DATA UNDER STUDY section start
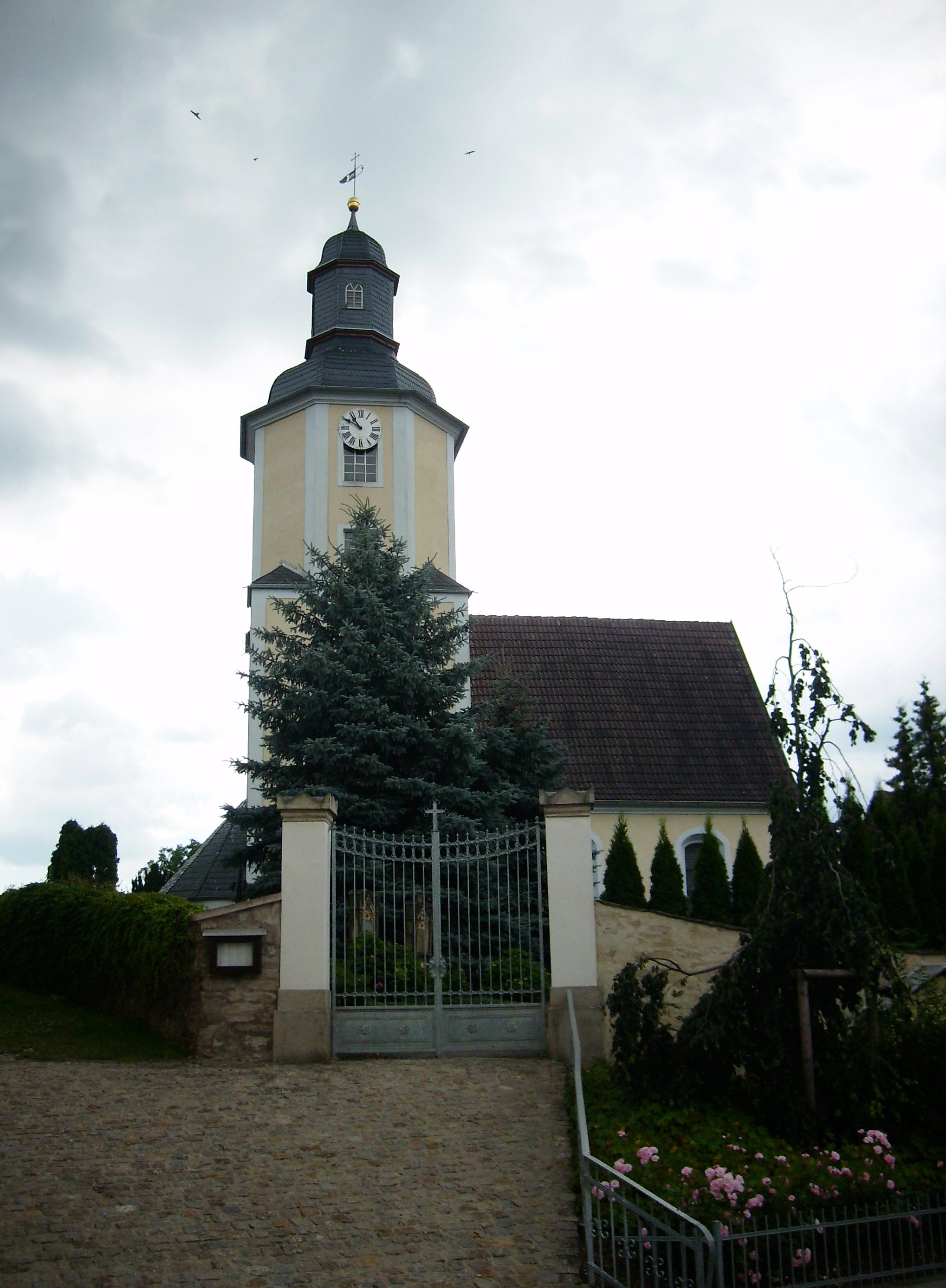 Church of the village of Pohlitz (Bad Köstritz, Greiz district, Thuringia)
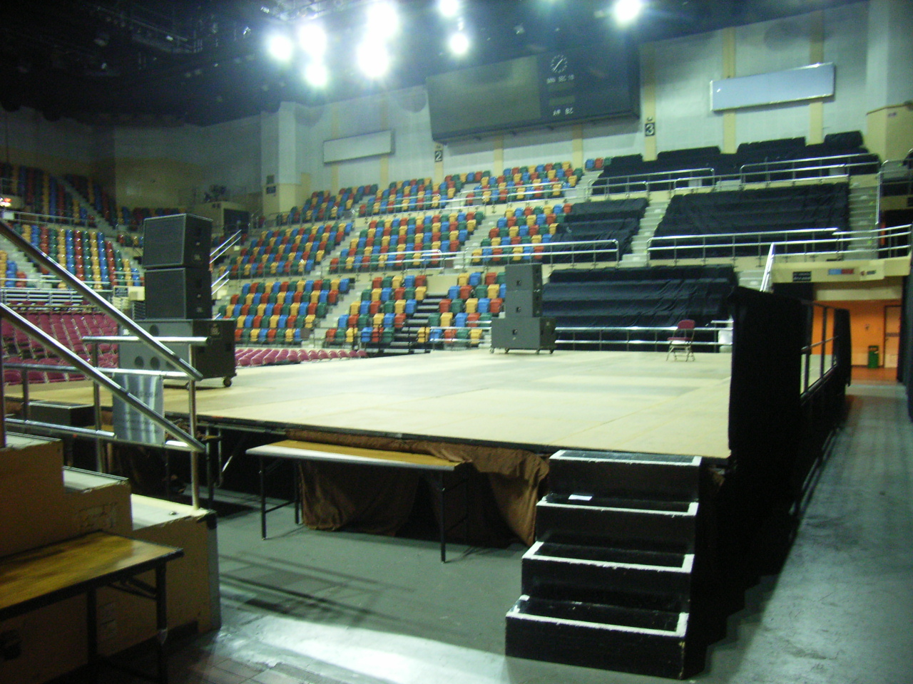 Around the Oi Kwan Road, Wan Chai, Hong Kong Author:Wenzi MHTI
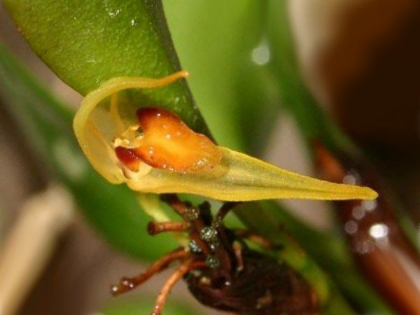 Talpinaria hitchcockii
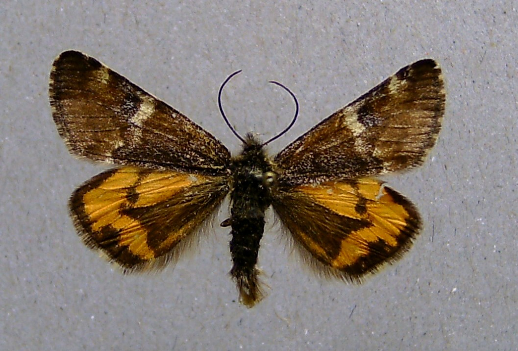 Archiearis parthenias
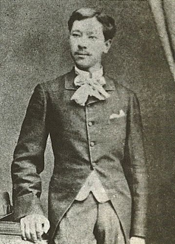 Young Pedro Paterno
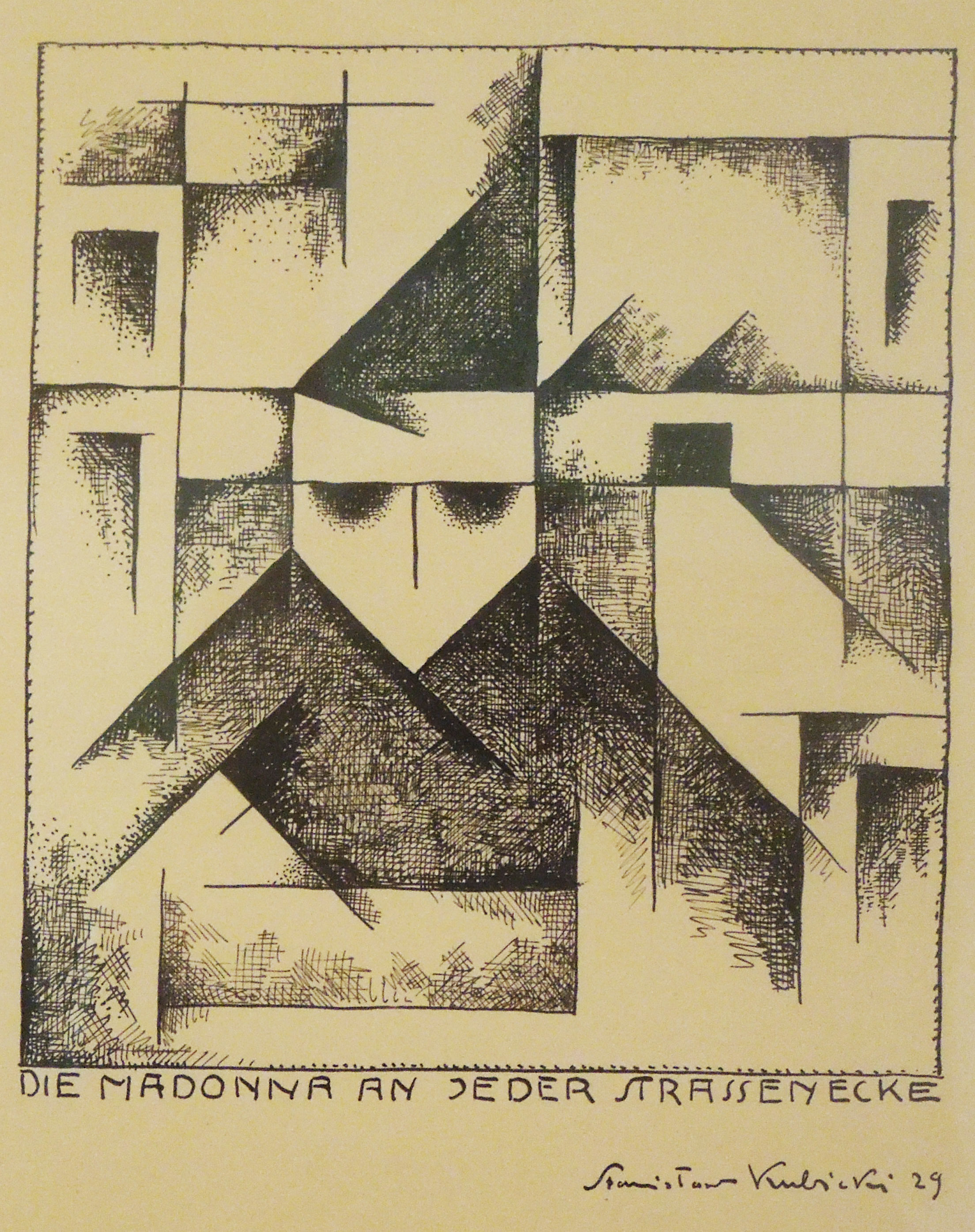 Stanisław Kubicki - Madonna Standing on Every Street Corner; ink, paper; Collection of Prof. Stanisław Karol Kubicki, Berlin
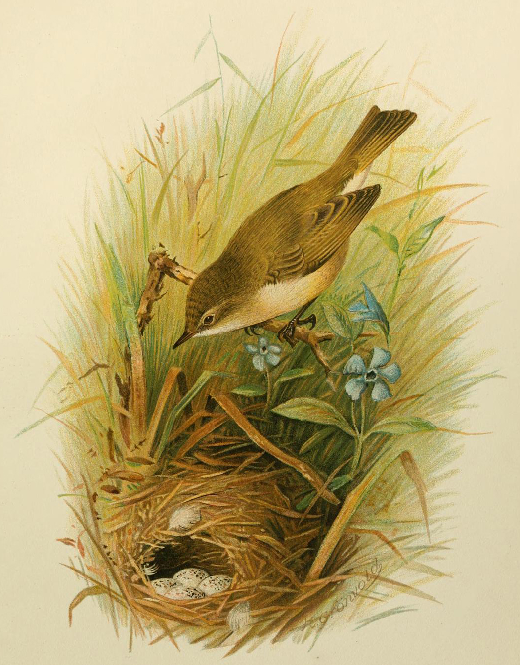 An illustration of a Common Chiffchaff by its nest by Henrik Grönvold
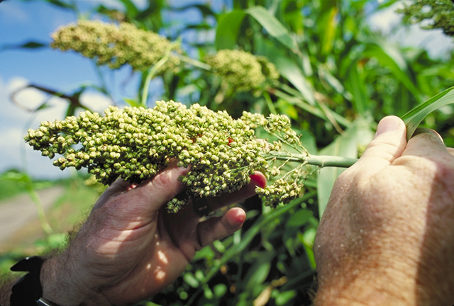 Irrigating grain sorghum near Gainesville, Florida, USA.
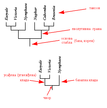 Explanation of basic terms in cladistics (in Serbian)
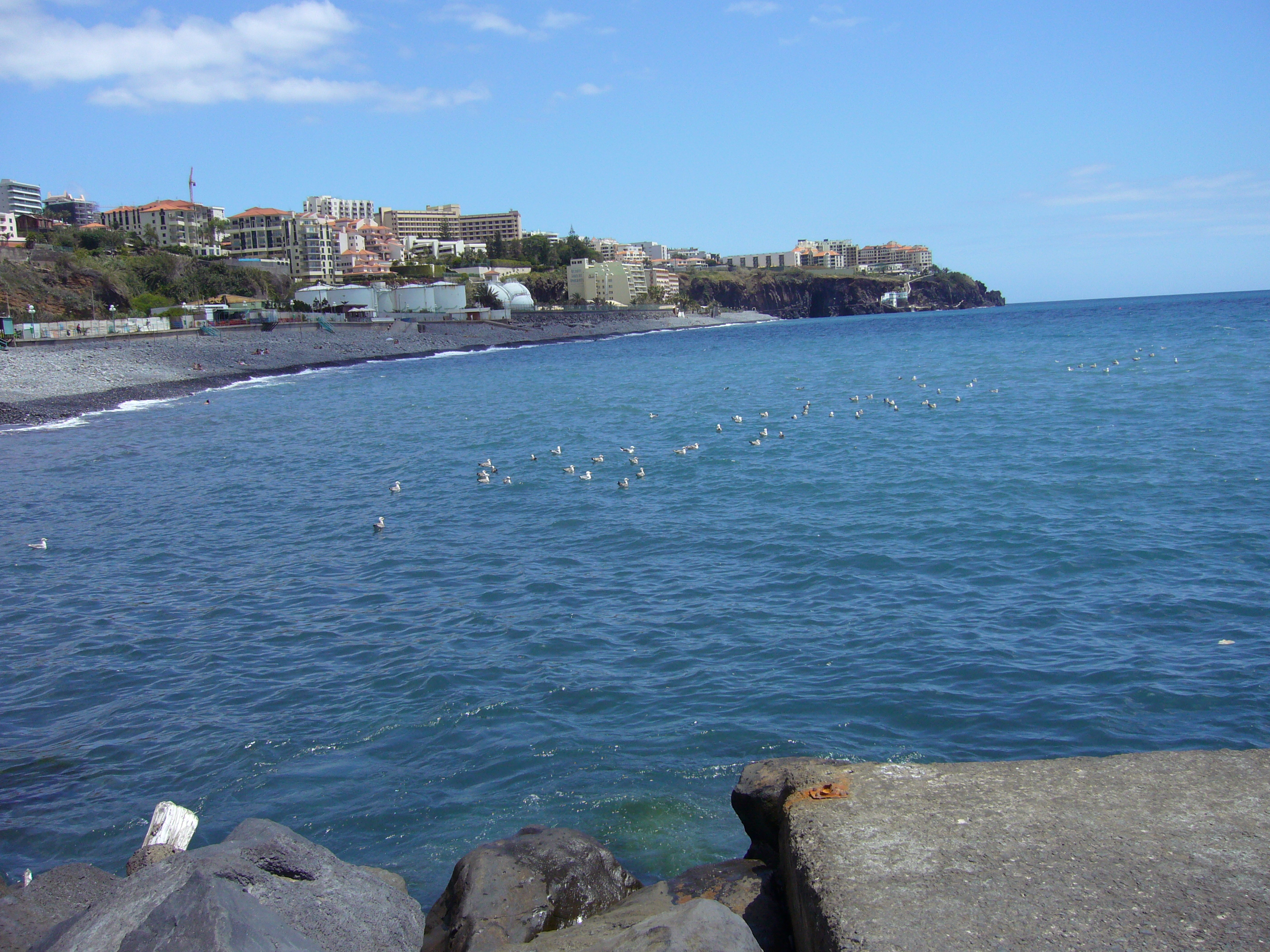 Eastern part of Praia Formosa-Funchal
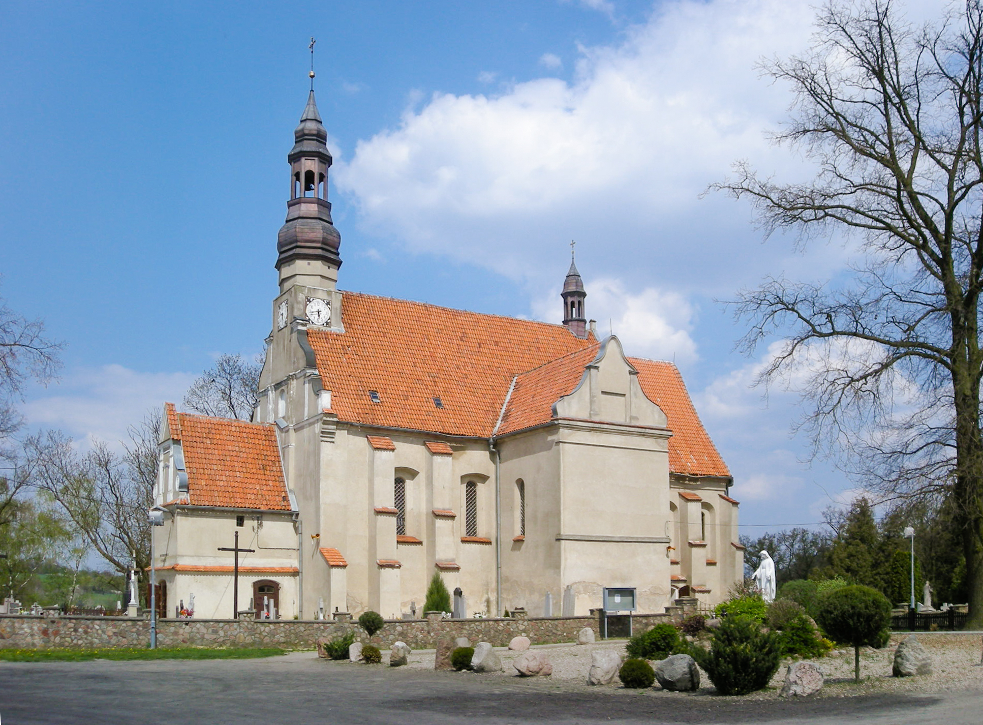 The church in Byszewo, Poland.
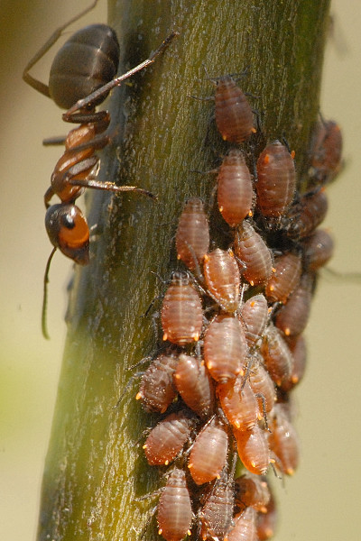 Aphis farinosa from Commanster, Belgian High Ardennes .
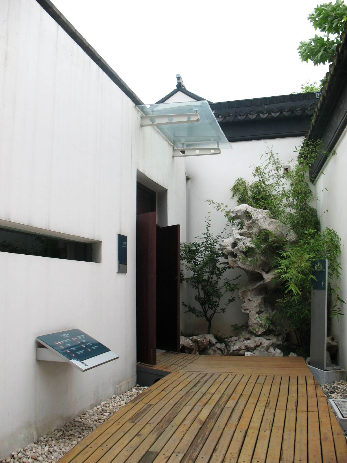 The entrance of Suzhou garden museum.
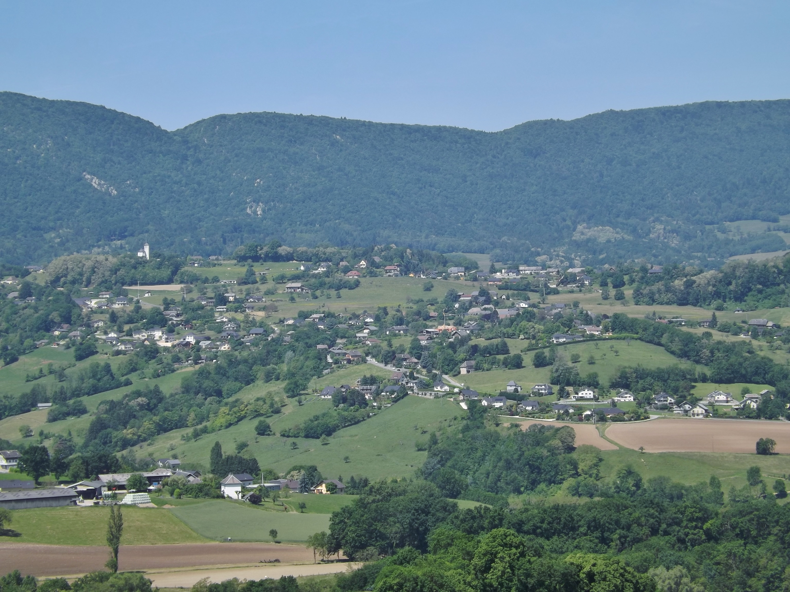 Panoramic sight, from the heights of Montagnole, of the French commune of Vimines and its several hamlets, at the foot of the chaîne de l'Épine mountain, near Chambéry in Savoie.
DATA UNDER STUDY section end
*WORK INSTRUCTIONS*
Output every record exactly, minus the pictures.

*RESPONSE TO THIS TASK*
 Church of the village of Pohlitz (Bad Köstritz, Greiz district, Thuringia)
 Around the Oi Kwan Road, Wan Chai, Hong Kong Author:Wenzi MHTI
 Talpinaria hitchcockii
 Archiearis parthenias
 Young Pedro Paterno
 Stanisław Kubicki - Madonna Standing on Every Street Corner; ink, paper; Collection of Prof. Stanisław Karol Kubicki, Berlin
 An illustration of a Common Chiffchaff by its nest by Henrik Grönvold
 Irrigating grain sorghum near Gainesville, Florida, USA.
 Explanation of basic terms in cladistics (in Serbian)
 Eastern part of Praia Formosa-Funchal
 The church in Byszewo, Poland.
 Aphis farinosa from Commanster, Belgian High Ardennes .
 The entrance of Suzhou garden museum.
 Panoramic sight, from the heights of Montagnole, of the French commune of Vimines and its several hamlets, at the foot of the chaîne de l'Épine mountain, near Chambéry in Savoie.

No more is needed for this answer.